Exercise details: Repeat the records below exactly from the line containing "und diese madonna" to the line containing "注意:PCB图中间有一个项目", taking in both of those lines. Drop the pictures.

Records:

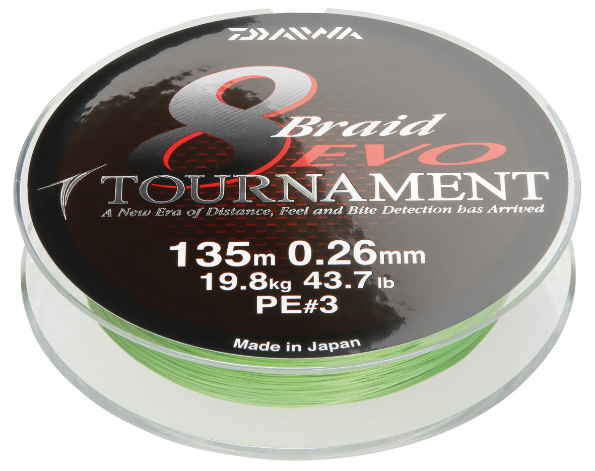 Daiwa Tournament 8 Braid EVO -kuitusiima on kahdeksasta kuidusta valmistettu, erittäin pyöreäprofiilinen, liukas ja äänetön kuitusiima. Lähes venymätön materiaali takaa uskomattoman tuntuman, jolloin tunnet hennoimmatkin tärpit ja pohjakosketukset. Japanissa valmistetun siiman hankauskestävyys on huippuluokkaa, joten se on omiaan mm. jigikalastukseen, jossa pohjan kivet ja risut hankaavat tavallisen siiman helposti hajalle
* * *
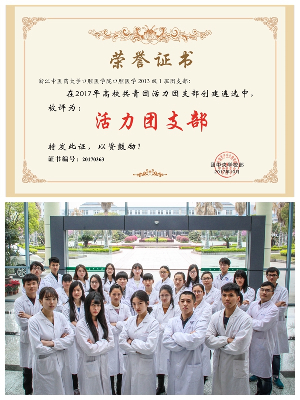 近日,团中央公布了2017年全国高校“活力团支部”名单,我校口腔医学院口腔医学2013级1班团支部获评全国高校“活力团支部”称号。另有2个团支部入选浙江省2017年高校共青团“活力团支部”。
--
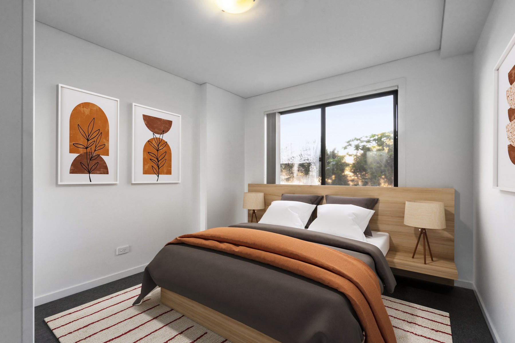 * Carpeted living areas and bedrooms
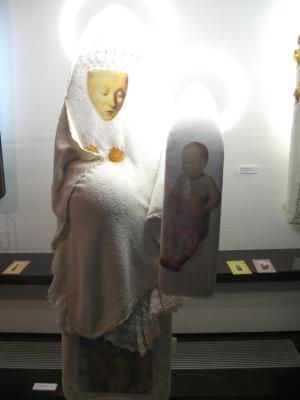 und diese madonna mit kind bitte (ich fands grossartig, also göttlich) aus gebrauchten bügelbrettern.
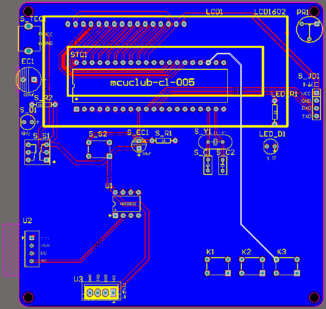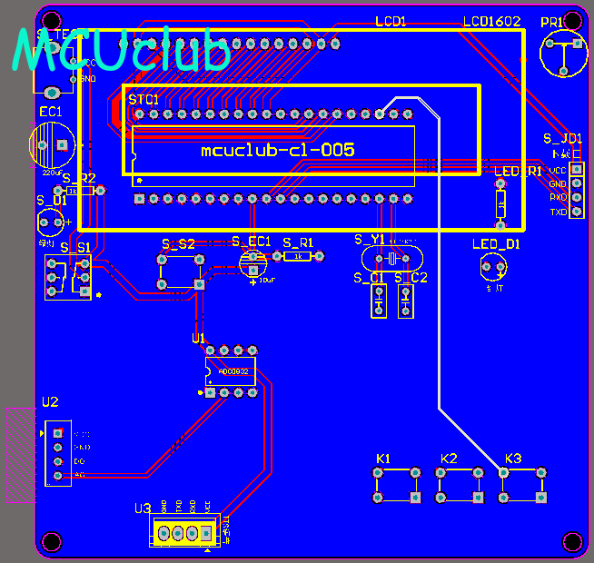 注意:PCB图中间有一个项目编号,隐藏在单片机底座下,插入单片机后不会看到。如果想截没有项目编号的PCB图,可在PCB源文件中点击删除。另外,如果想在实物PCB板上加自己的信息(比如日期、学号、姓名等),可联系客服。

Solution:
 und diese madonna mit kind bitte (ich fands grossartig, also göttlich) aus gebrauchten bügelbrettern.
 注意:PCB图中间有一个项目编号,隐藏在单片机底座下,插入单片机后不会看到。如果想截没有项目编号的PCB图,可在PCB源文件中点击删除。另外,如果想在实物PCB板上加自己的信息(比如日期、学号、姓名等),可联系客服。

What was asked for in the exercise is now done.